Would you retype, word for word, the line with "Alt text: Human" and each line after it to the end of the entries below, leaving the pictures out?

§ **Dataset records**
◆ ◆ ◆ ◆
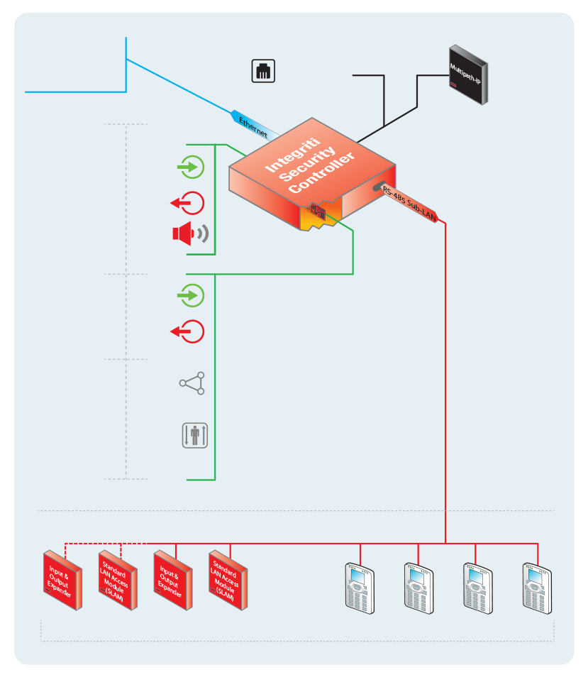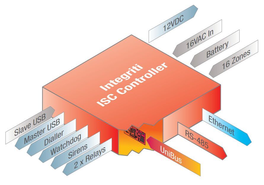 Integriti Security Controller (ISC) zabezpečovací ústředna Integriti. Zahrnuje BOX stabilizovaný zdroj 2 A, 16 zón s možností rozšíření UniBus moduly až na 32, 2 reléové auxy rozšiřitelné až na 32, integrovaný port TCP/IP, USB port pro upgrade firmware, telefonní modem...
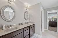 Upstairs, you' ll find all the bedrooms. Including the Primary Bedroom with private ensuite with a dual vanity, tile shower, soaking tub, and a massive walk- in closet with a built- in storage island. There are four more generously sized bedrooms and a well- appointed full bath with a dual vanity. Tons of extra closets and storage space are tucked away throughout the home.
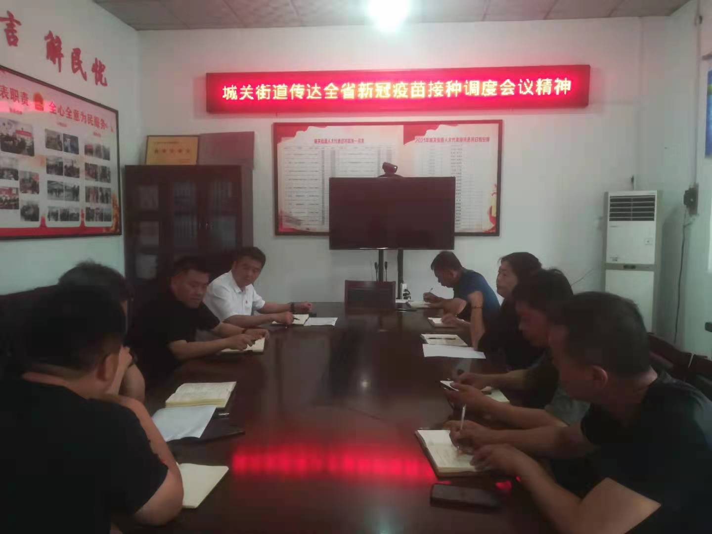 6月17日下午6点,全省新冠疫苗接种工作调度会结束后,城关街道召开班子会,迅速传达会议精神。
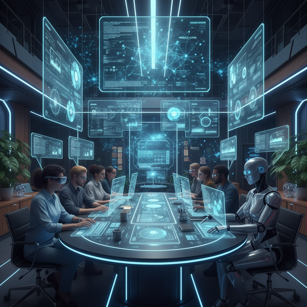 Alt text: Human and AI avatars working together in a virtual office, symbolizing seamless AI-human collaboration.
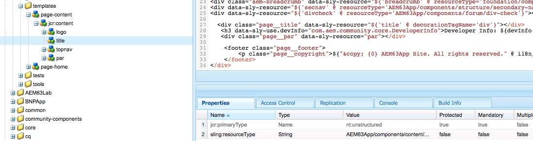 Once banner component is authored we can see the component on /content/home0/jcr:content
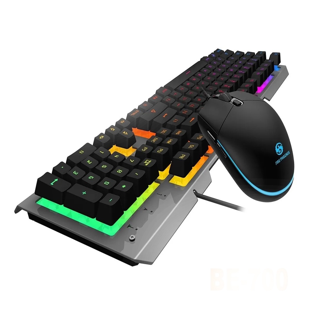 Kit Teclado E Mouse Mecanico Silencioso Abnt2 Gamer Led Rgb Be-700
◆ ◆ ◆ ◆
§ **WRITTEN ANSWER**
 Alt text: Human and AI avatars working together in a virtual office, symbolizing seamless AI-human collaboration.
 Once banner component is authored we can see the component on /content/home0/jcr:content
 Kit Teclado E Mouse Mecanico Silencioso Abnt2 Gamer Led Rgb Be-700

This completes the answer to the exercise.